Top Experiences in Arizona
Grand Canyon Hiking
You could spend the rest of your life hiking the Grand Canyon and never cover all the trails. There are hiking and walking trails aplenty, for all levels of fitness; we suggest you go with a guide or consult a ranger to find the best trail for you. Bright Angel Trail is the most famous, but it's tough: with an elevation change of more than 5,000 feet, don't try to hike to the Colorado River and back in one day. Less strenuous is part of the 12-mile Rim Trail, a paved, generally horizontal walk. Other outstanding choices are the South Kaibab Trail and the Hermit Trail. Many short routes lead to epic views, like the Cape Royal and Roosevelt Point trails on the North Rim.
Why drive yourself when open-air four-wheeling is available, complete with guide? Jeep tours abound in the Grand Canyon state, whether it's a rough ride on a Pink Jeep tour in the red rocks of Sedona or a Lavender Jeep tour in historic Bisbee, a weeklong excursion or an afternoon adventure. Some of these companies have special permits that provide access to national forests and an up close view of Native American communities.
Hiking too boring? Jeep tours not enough? True thrill-seekers take the plunge when they visit Arizona. There are nearly two-dozen commercial river-rafting companies in Arizona that offer trips as short as a day or as long as three weeks through the Grand Canyon on the Colorado River. These rough-riding trips are popular with travelers, so be sure to make reservations very early, up to a year in advance.

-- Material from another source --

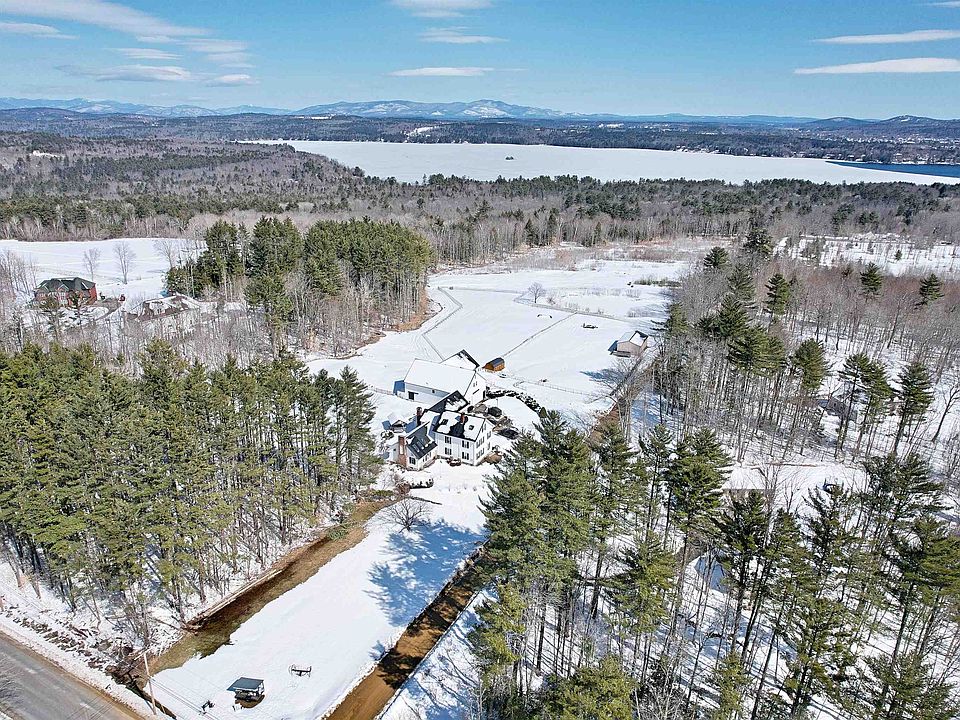 Welcome to Westlake Farm, this incredible 34+/- acre estate is comprised of 3 parcels in the heart of the Lakes Region. This property boasts two paddocks, an in-ground pool with a new liner, hot tub, large back deck, patio area, pond, a 22x44 outdoor shelter which is currently home to 22 alpacas, and gorgeous views of Lake Winnisquam and the Ossipee, Belknap and White Mountain Ranges. Enjoy a fabulous kitchen equipped with a large granite island with seating for 3, gas cooktop, double oven, gas fireplace and beautiful wooden beams. Exiting the kitchen you will pass a 3/4 guest bath on your way to the enormous great room, the 33x22 space overlooks the back deck w/ hot tub and is completed with a wet bar, soap stone surround wood-stove, and incredible cathedral ceilings. The first level of the home also offers yet another living area completed with a wood stove and a library that boasts natural wood finishings and a fourth fireplace! This home offers 4 bdrms, including the primary suite that has a full bath, 12x9 closet, and views right from the bathtub! This property has also earned is agrotourism designation with the state which allows the owner of this property to host large gatherings in its unique 5,000 sq ft two story barn-style function hall outfitted with a stunning 3/4 bth, full bar and spectacular stone patio overlooking the property. Don't forget to bring your barnyard friends as well because the barn is completed with a heated tack room and 4 stalls! Must See!

If roughing it in the great outdoors isn't your vacation style, head to one of Arizona's world-class spas for a day of complete relaxation. Enjoy a standard mani-and-pedi afternoon, or further indulge in a specialty treatment, such as a creek-side massage at L'Auberge de Sedona, or a Native American-inspired session at the Golden Door Spa at The Boulders Resort in Carefree. Between sessions be sure to take advantage of relaxation rooms, saunas, and pools. Finish the day with a decadent meal at your resort's restaurant.
One of Phoenix's most historic hotels is also home to some of the Valley's most heralded golf courses. The Arizona Biltmore, Arizona's first resort, set the standard in 1929. The Biltmore has two 18-hole PGA championship courses, Adobe and Links. Arizona's climate is particularly hospitable to golfers, so greens fees are especially pricey in winter and spring. Early risers can find slightly more affordable fees in the wee hours of the morning in summer.
Native American Traditions
Westerns and the enduring myths of the Wild West don't compare to the experience of seeing firsthand the Native American cultures that thrive in Arizona. In northeast Arizona, you can visit Navajo and Hopi reservations; there are nearly two-dozen tribes in the state. Stop at a trading post on a reservation to see artisans demonstrating their crafts. Visit one of Arizona's fantastic Native American museums, such as the Heard Museum in Phoenix or the Museum of Northern Arizona in Flagstaff. At spectacular national monuments, such as Montezuma Castle near Camp Verde, visitors can see 600-year-old preserved dwellings.